There is an old cottage here called Bowhouse, one of the six old dwellings that form the hamlet here. I repaired it in 1919 and cut a window through the west wall, as it was rather dark inside; and three old coins were found there while the work was going on, one of George the Third, one of William the Third, and one of Henry the Third. The George III was underneath the staircase, and might have slipped down through a crack. The William III was found in sweeping up a floor, but there was no knowing how it came to be amongst the rubbish there. The Henry III was embedded in the west wall where the window was cut through. That is a very thick wall, built of cob, and was found to be ‘as hard as brass’ for cutting. The coin was in the middle of the cob, and certainly had been there ever since the wall was built.

The coin is one of the ‘short cross’ pennies that were superseded by the ‘long cross’ pennies in 1249. It has the names of Henry as the king, Adam as the moneyer and London as the mint; and Adam was moneyer there from 1205 to 1237. Henry the Third did not become king until 1216; but the coin may perhaps be earlier than that, as Henry the Second put the name of Henry on these pennies in 1180, and his successors never altered it. The coin is much the worse for wear, and may have been in use for many years before it found its way into the wall.

These silver pennies were worth a good deal then. There was an Inquiry on 20 May 1316 after the death of William le Pruz—the old knight whose effigy is now in Lustleigh church at the south end of the transept—and his meadows at Lustleigh were valued at 3d. a year an acre, against £5 now, or just 400 times as many pence. But the real value of the meadows must be pretty much the same.

Under the Corn Production Act of 1917 the Wages Board not only fixed a minimum wage for agricultural work, but also fixed a maximum for the deduction from the wage when the worker is provided with a cottage. In this district the maximum is 3s. a week; and I am now paying 3s. 5d. a week on a cottage in rates and taxes and fire-insurance. I get nothing for the cottage, but only lose by it, and therefore am not eager to build more.

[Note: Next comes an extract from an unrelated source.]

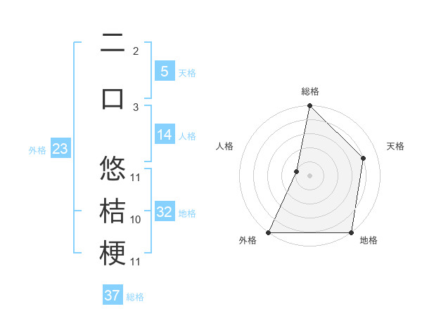 二口 悠桔梗さんを姓名の画数から五運を鑑定

In this district the old cottages are relatively better than the new, judging them by the general standard of comfort at the time when they were built; and some of them are absolutely better, as they have more spacious rooms. My grandfather writes from here, 1 June 1851, “Prince Albert must not think of putting labouring men in parlours, if he expects good hardy soldiers and sailors.” The modern cottages have parlours, seldom used, and bedrooms that will hardly hold a bed.

Innovations have seldom been improvements here. There are very many new things that are better than the old; but here one chiefly sees the new things that are cheaper than the old, and these are not always better. Many of them are not really cheaper. I have just given the roof of this house a new coat of thatch that ought to last for twenty years or more. The thatching here is done with wheat straw; so I grew a crop close by, and sold the grain and kept the straw. Slate or tile costs more; and with such roofing I should have to spend a great deal more on fuel, to keep the house as warm in winter time.

In some ways a thatched roof is better than a cellar as a place for storing wine: the temperature just suits the wine, and there is not any damp. My grandfather tried keeping some above his bedroom ceiling; but it was an inconvenient place for fetching bottles down, and accidents may happen when thatchers are about.

After looking at my vases here, a foreigner made me a little speech. “Oh, your country, how wonderful it is. Who should think to find choice works of ancient Greece with a roof of what you call the Thetch. In another house I find antiquities of Egypt, in another the Oriental porcelain and the lacquer, in another I find pictures most superb. Where originals do not exist, I find reproductions of the greatest works. Surely your England is the most artistic country in the world.”—I fear that England is Artistic in another sense. One day a shopman was showing me things all covered with clumsy ornament, and I asked if there was nothing of good design, without all these excrescences. He seemed puzzled at this, and then it dawned upon him, “Oh, I see, sir. You want something less Artistic.

This was a secluded place until the railway came. My grandfather writes on 23 September 1849, “I find most people like Wreyland, that is, those advancing in years: so quiet and so sheltered.” And then on 3 January 1864, “I cannot fancy that any railway improves scenery, but this will not so disturb it as one might imagine.... They fancy it is cutting up the country and letting in more people, which will destroy the scenery and the quiet of the neighbourhood; but they think more of its introducing new society than destroying the scenery.”

People who live amidst fine scenery are apt to treat it with contempt, partly from familiarity and partly (I think) because they do not see the scenery as other people see it. You form a higher opinion of a man if you have only seen him at his best, than if you have also seen him at his worst and in all intermediate states. It is the same with scenery. Most strangers see this district in the height of summer, whereas the natives see it in the winter time as well, and have both aspects of it in their mind when they are looking at it; and they sometimes show impatience when strangers praise it overmuch. A farmer here was leaning over a gate from which there is a glorious view. Seeing the view, a passer-by remarked to him how glorious it was. The farmer answered, “Durn the view. I bain’t lookin’ at no view. I be lookin’ how they dratted rabbits ’as ated up my tunnips.”